Castillo listened politely to Rep. Gutierrez, knowing he was sympathetic to her cause. But she and her fellow protesters – including a dozen that Castillo led from Harrisonburg – had previously decided that they must speak up now.

Castillo was born in Mexico and brought to the United States by her parents at age 6 without proper papers. Basically, if a child is brought into the United States in such a manner, there is no method for becoming a documented resident in later years, regardless of his or her academic accomplishments or social contributions.

Like all “undocumented immigrants,” Castillo is at constant risk of deportation to the country where she was born, a risk undoubtedly heightened by her decision to go public with the difficulties that she and hundreds of thousands like her face.

Castillo views herself as an “American” in every way except for having, as she puts it, a nine-digit social security number. She has few recollections of her pre-school life in Mexico. All of her formal schooling took place here.

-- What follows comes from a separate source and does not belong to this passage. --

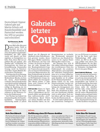 Sigmar Gabriel verzichtet auf die SPD-Kanzlerkandidatur. Eine weise Entscheidung. Er wäre wohl wirklich nicht der Richtige gewesen. Aber ist es Martin Schulz?

She graduated from Turner Ashby High School south of Harrisonburg with a 4.0 GPA. She graduated magna cum laude from EMU.

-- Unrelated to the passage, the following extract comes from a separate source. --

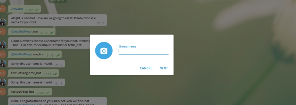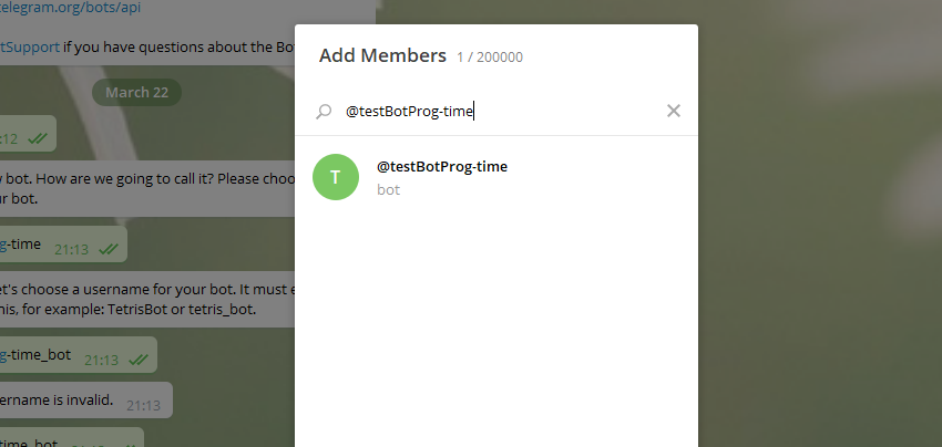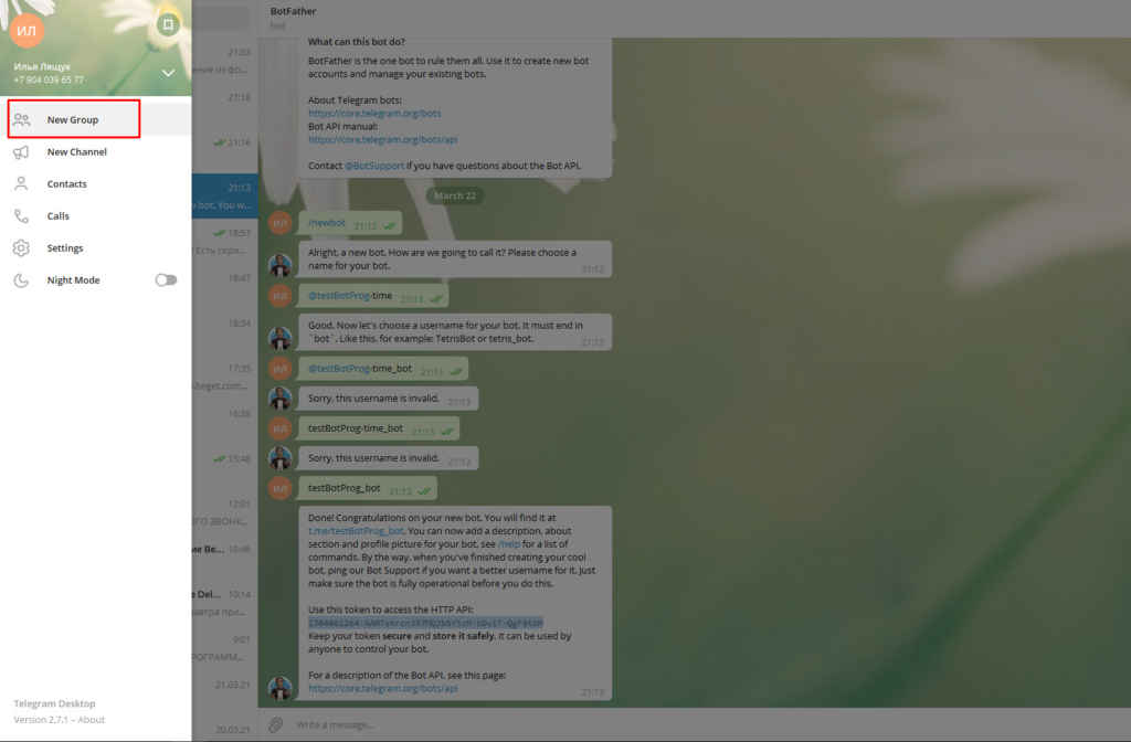 7) Теперь нам нужно создать чат в который мы добавим нашего бота

Castillo says she could not have made it through EMU without the help of two married employees – Deanna Durham, assistant professor in the applied social sciences department, and Byron Peachey, associate campus pastor. The couple has remained supportive since Castillo graduated three years ago. When she needed help with getting her group to and from Washington D.C., for example, Durham and Peachey drove the group.

Under the DREAM Act, undocumented young immigrants would be given a path to legal residency if they contribute to the United States by serving in the military or getting a college education. The process would still be arduous – it would take at least six years and perhaps as much as a decade – for a young person to satisfy all the requirements for getting a “Green Card.” Yet Castillo said she would welcome such a path, no matter how hard or long, because at least the path would be there.

In a Washington Post article the day after the arrests, Margie McHugh, co-director of the nonprofit Migration Policy Institute’s National Center on Immigrant Integration Policy, was quoted as saying: “It is a bit of a surprise to see how bold and open a lot of the young people are about their status, and that’s changed from the past.”

The Post noted, however, that there are definite risks: “In Arizona [in early May] … undocumented students staged a protest in front of Republican Sen. John McCain’s office. Three were arrested and are in deportation proceedings.”

McHugh told the Post: “I think it’s not possible to say yet if it’s a safe or an extremely risky thing for them to do. They are taking a great risk in putting themselves out there so publicly. In the end, they’ll be judged to have been quite prescient if the law does end up happening and naïve if it doesn’t.”
 
 

Story by Bonnie Price Lofton. Lofton is the publications editor at Eastern Mennonite University.